EXCERPTED DATA:
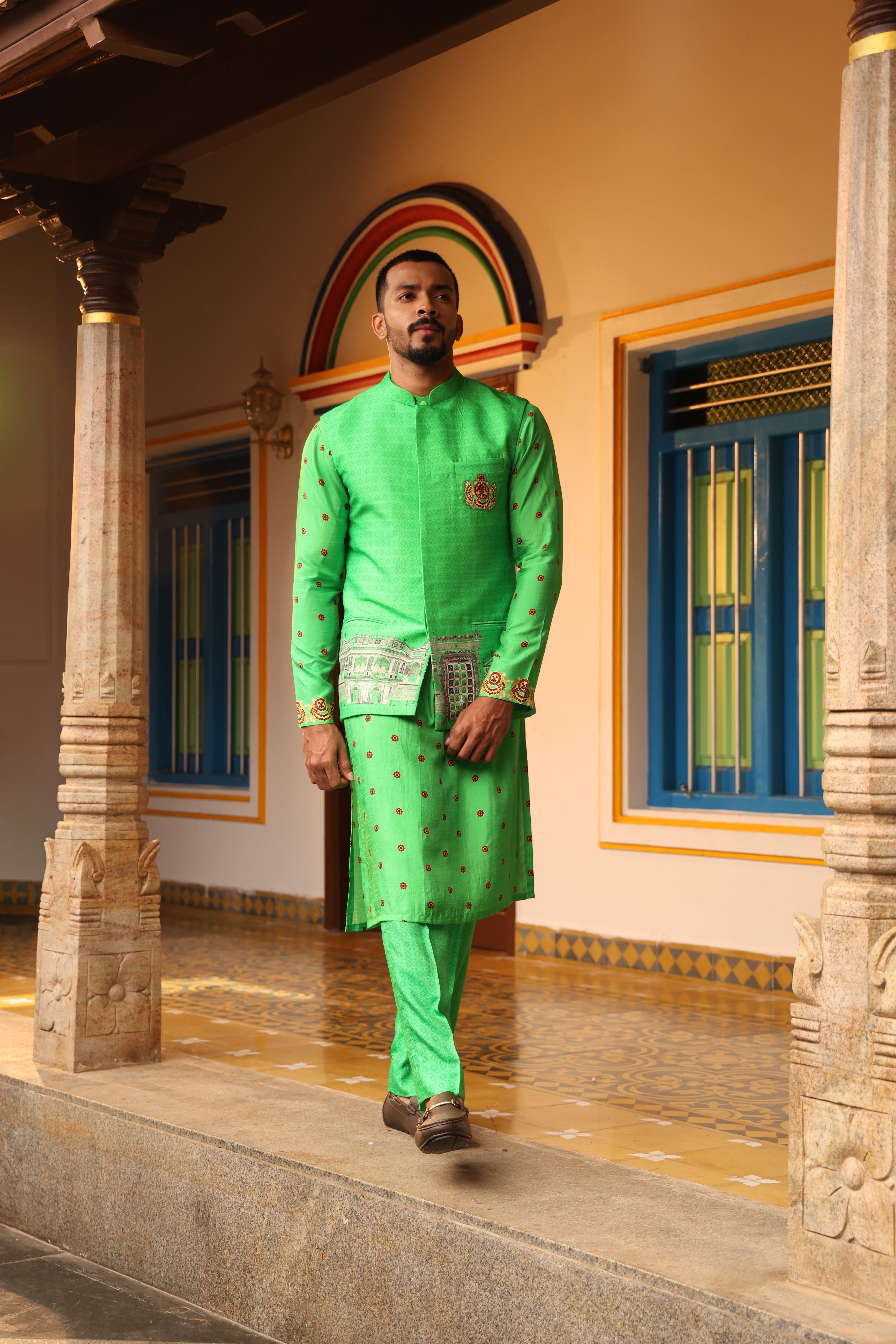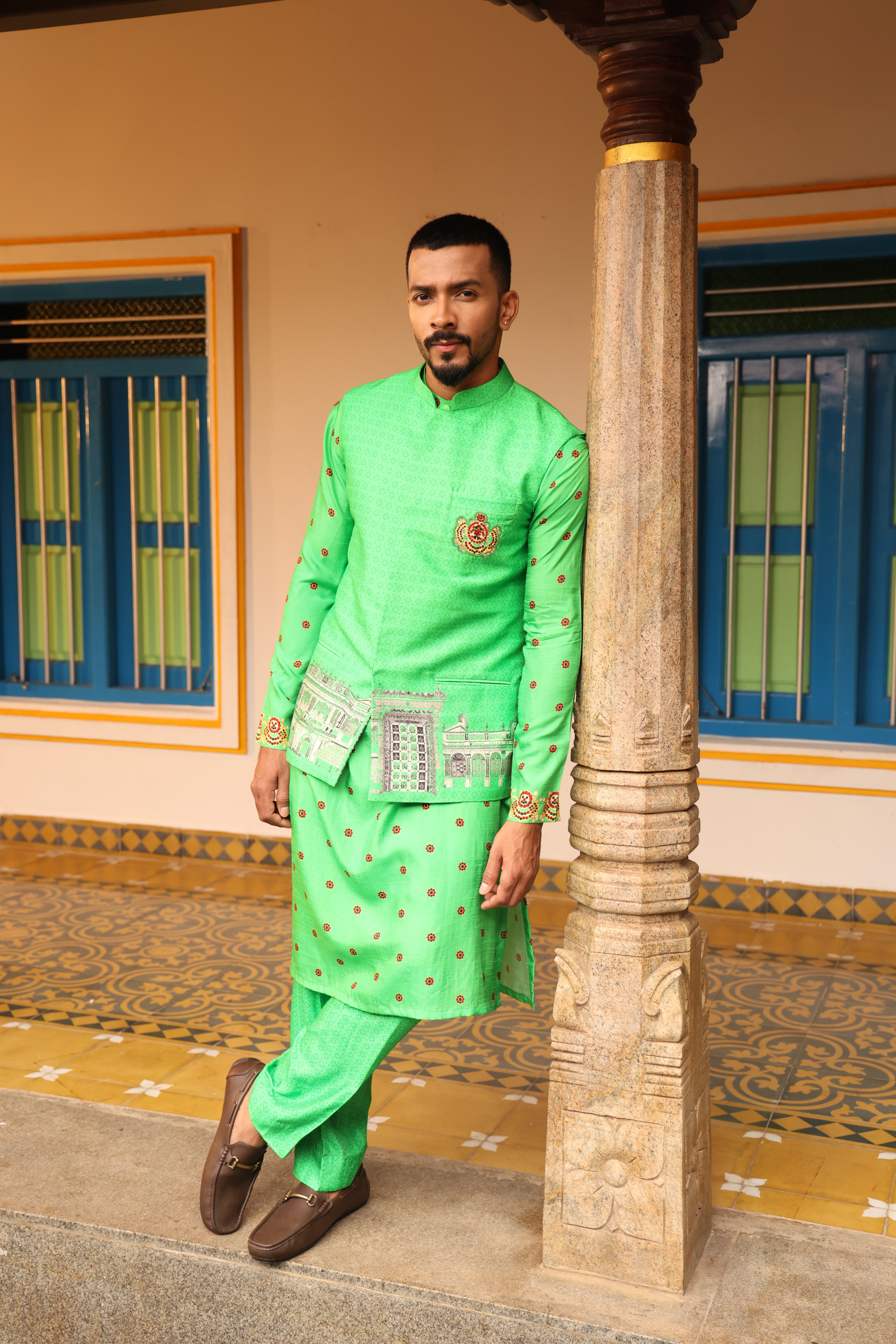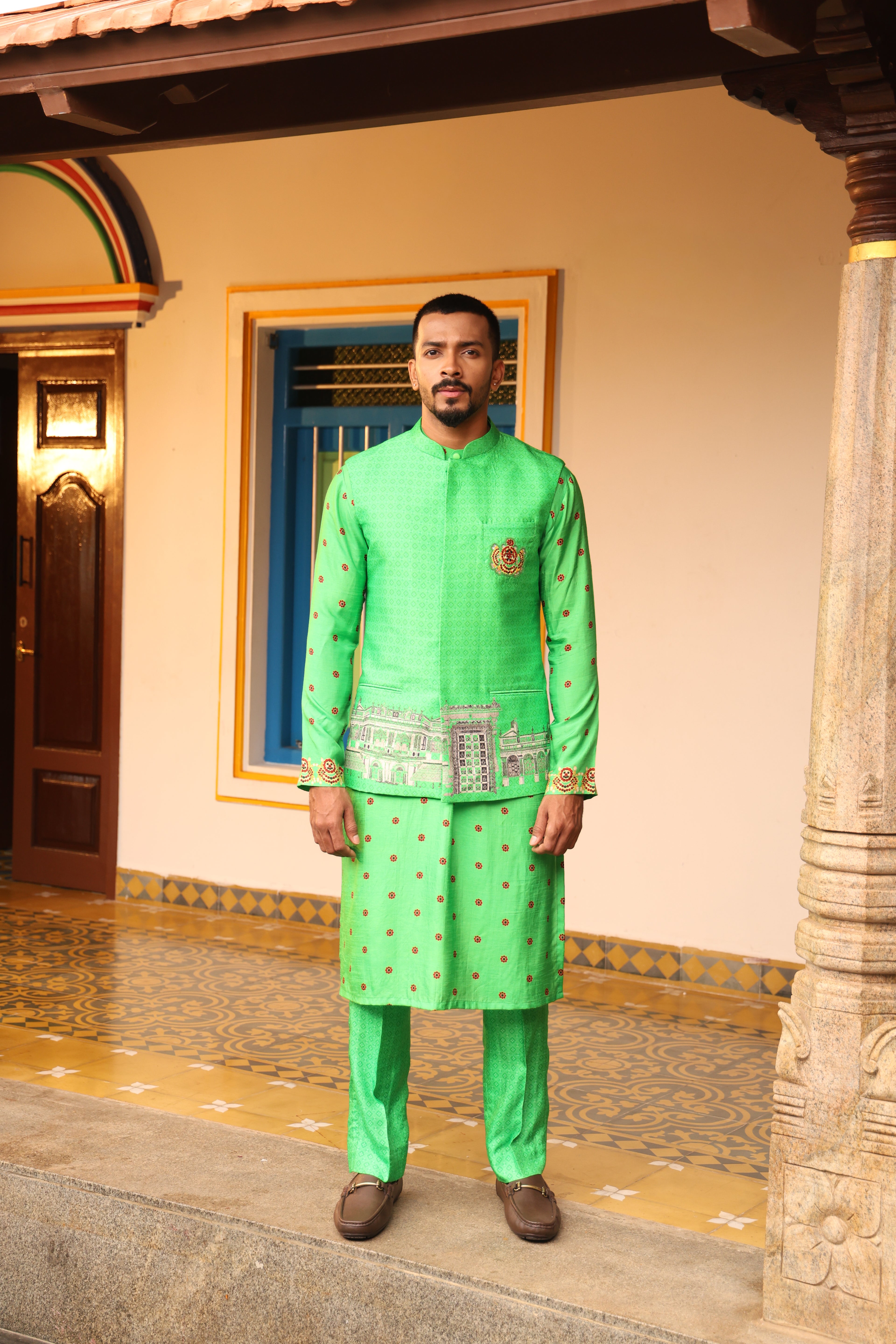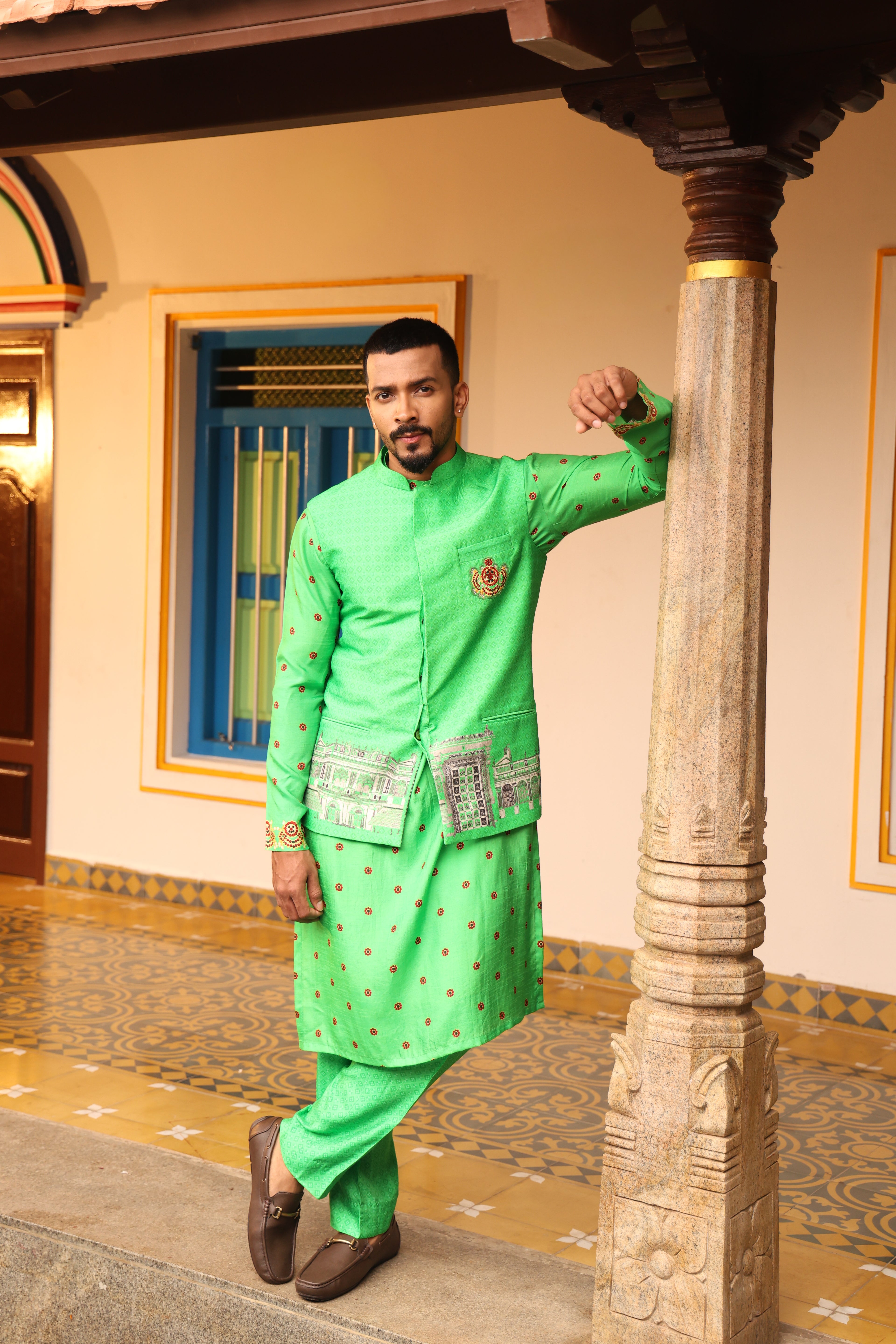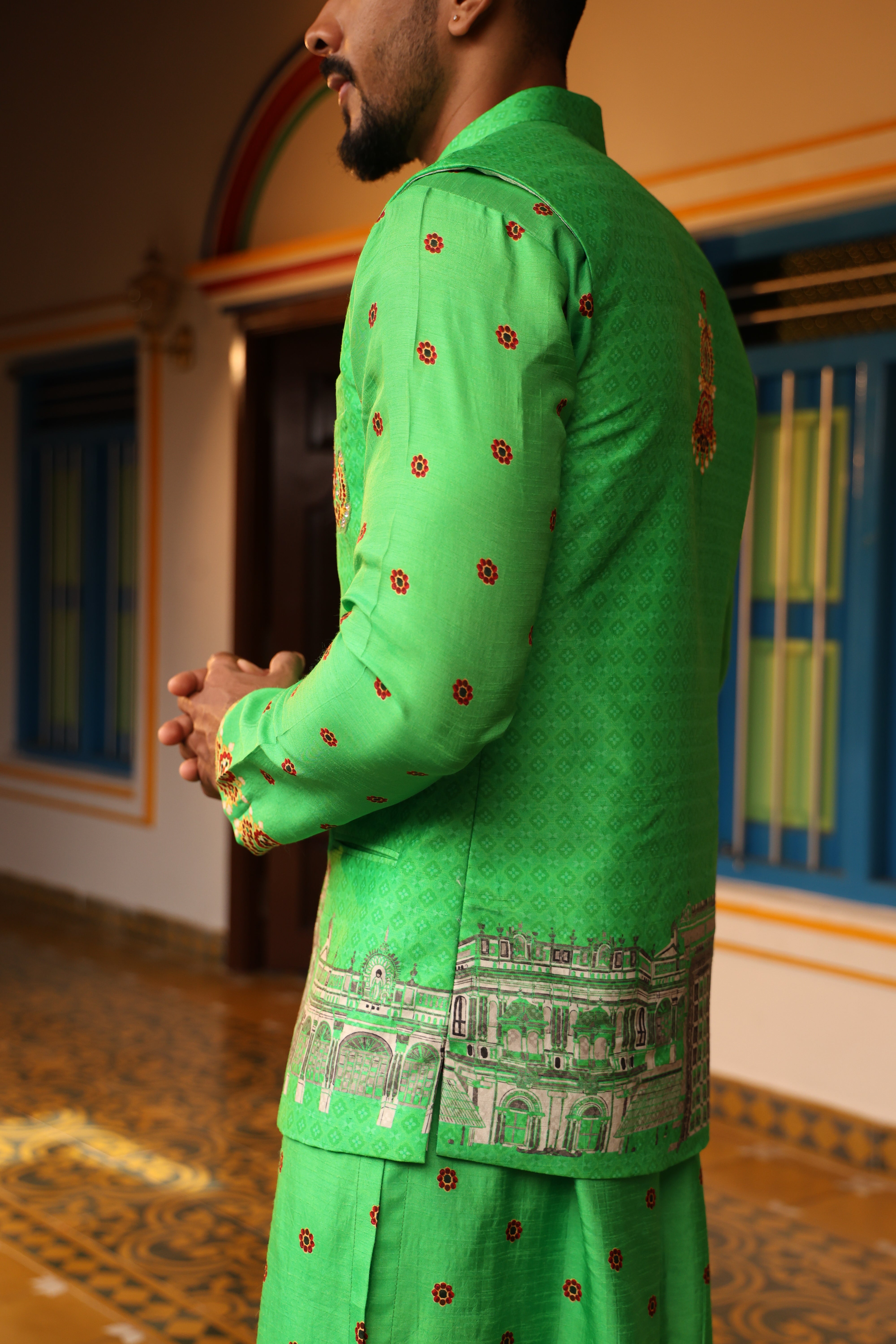 Teamed with straight fit troussers also to be worn with chinese collar bandgala enhancing chettinad architecture and jewellery in digital print.
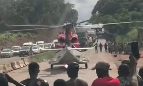 Recall how a video surfaced on social media platforms, where an unidentified passenger made a chopper land in the middle of a highway, after having been stuck alongside others in a traffic between Benin and Ore.
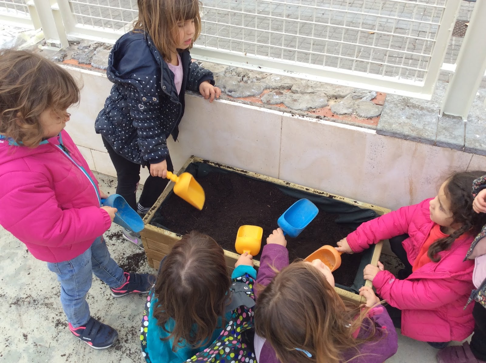 El primer pas ha estat omplir de terra tots els testos. Tot un treball d’equip! En uns hi han plantat flors i en d’altres llavors. Anirem veient el procés de creixement.
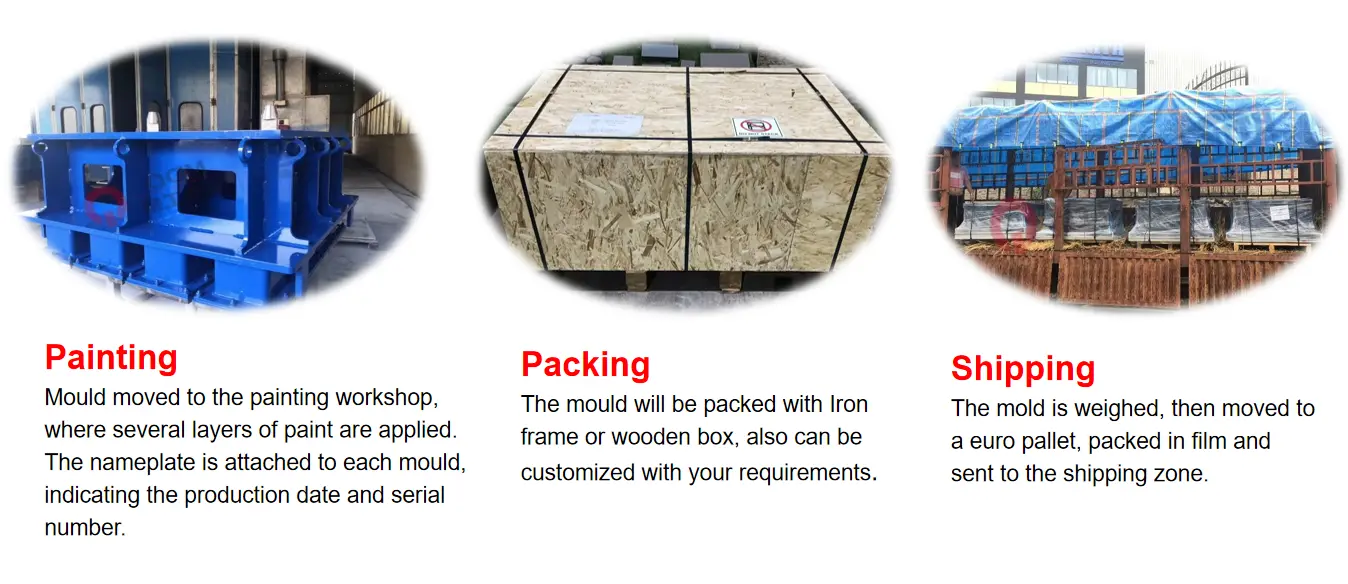 Khuôn máy móc sản xuất gạch là thiết bị không thể thiếu trong quá trình sản xuất gạch, chủ yếu dùng để đúc gạch. Nó thường được làm bằng thép hợp kim chất lượng cao, có độ chính xác cao, chống mài mòn, chống sốc và các đặc tính khác, có thể đảm bảo gạch được sản xuất có kích thước chính xác, ổn định và đáng tin cậy về chất lượng. Khuôn máy sản xuất gạch thường được làm bằng thép hợp kim chất lượng cao với công nghệ gia công tiên tiến đảm bảo độ chính xác và độ bền của khuôn. Sự lựa chọn vật liệu và quy trình này cho phép khuôn chịu được áp lực và độ mài mòn lớn hơn trong quá trình sử dụng, kéo dài thời gian sử dụng của khuôn.
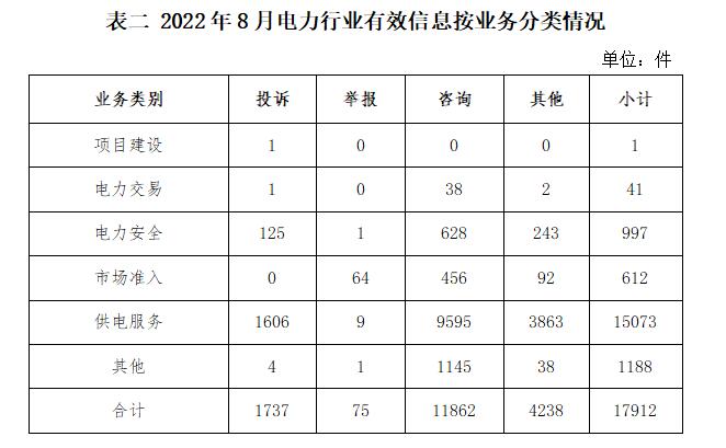 電力行業(yè)排在首位,有效信息數(shù)量為17912件,占全部有效信息的80.75%。群眾關注的內(nèi)容主要集中在供電服務、電力安全、市場準入等方面。(2022年8月電力行業(yè)有效信息按業(yè)務分類情況見表二)
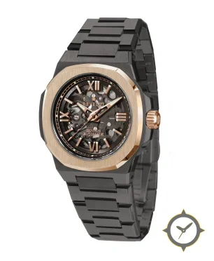 Eine Skelett-Uhr mit einem 36.5mm Gehäuse im Vintage-Stil gefertigt aus Edelstahl mit einem Zifferblatt in schwarz und einer besonderen "skeleton"-Oberfläche.

WHAT THE EXERCISE ASKS:
The expected answer is an unaltered copy of the listing, images removed.

ANSWER TO THIS EXERCISE:
 Teamed with straight fit troussers also to be worn with chinese collar bandgala enhancing chettinad architecture and jewellery in digital print.
 Recall how a video surfaced on social media platforms, where an unidentified passenger made a chopper land in the middle of a highway, after having been stuck alongside others in a traffic between Benin and Ore.
 El primer pas ha estat omplir de terra tots els testos. Tot un treball d’equip! En uns hi han plantat flors i en d’altres llavors. Anirem veient el procés de creixement.
 Khuôn máy móc sản xuất gạch là thiết bị không thể thiếu trong quá trình sản xuất gạch, chủ yếu dùng để đúc gạch. Nó thường được làm bằng thép hợp kim chất lượng cao, có độ chính xác cao, chống mài mòn, chống sốc và các đặc tính khác, có thể đảm bảo gạch được sản xuất có kích thước chính xác, ổn định và đáng tin cậy về chất lượng. Khuôn máy sản xuất gạch thường được làm bằng thép hợp kim chất lượng cao với công nghệ gia công tiên tiến đảm bảo độ chính xác và độ bền của khuôn. Sự lựa chọn vật liệu và quy trình này cho phép khuôn chịu được áp lực và độ mài mòn lớn hơn trong quá trình sử dụng, kéo dài thời gian sử dụng của khuôn.
 電力行業(yè)排在首位,有效信息數(shù)量為17912件,占全部有效信息的80.75%。群眾關注的內(nèi)容主要集中在供電服務、電力安全、市場準入等方面。(2022年8月電力行業(yè)有效信息按業(yè)務分類情況見表二)
 Eine Skelett-Uhr mit einem 36.5mm Gehäuse im Vintage-Stil gefertigt aus Edelstahl mit einem Zifferblatt in schwarz und einer besonderen "skeleton"-Oberfläche.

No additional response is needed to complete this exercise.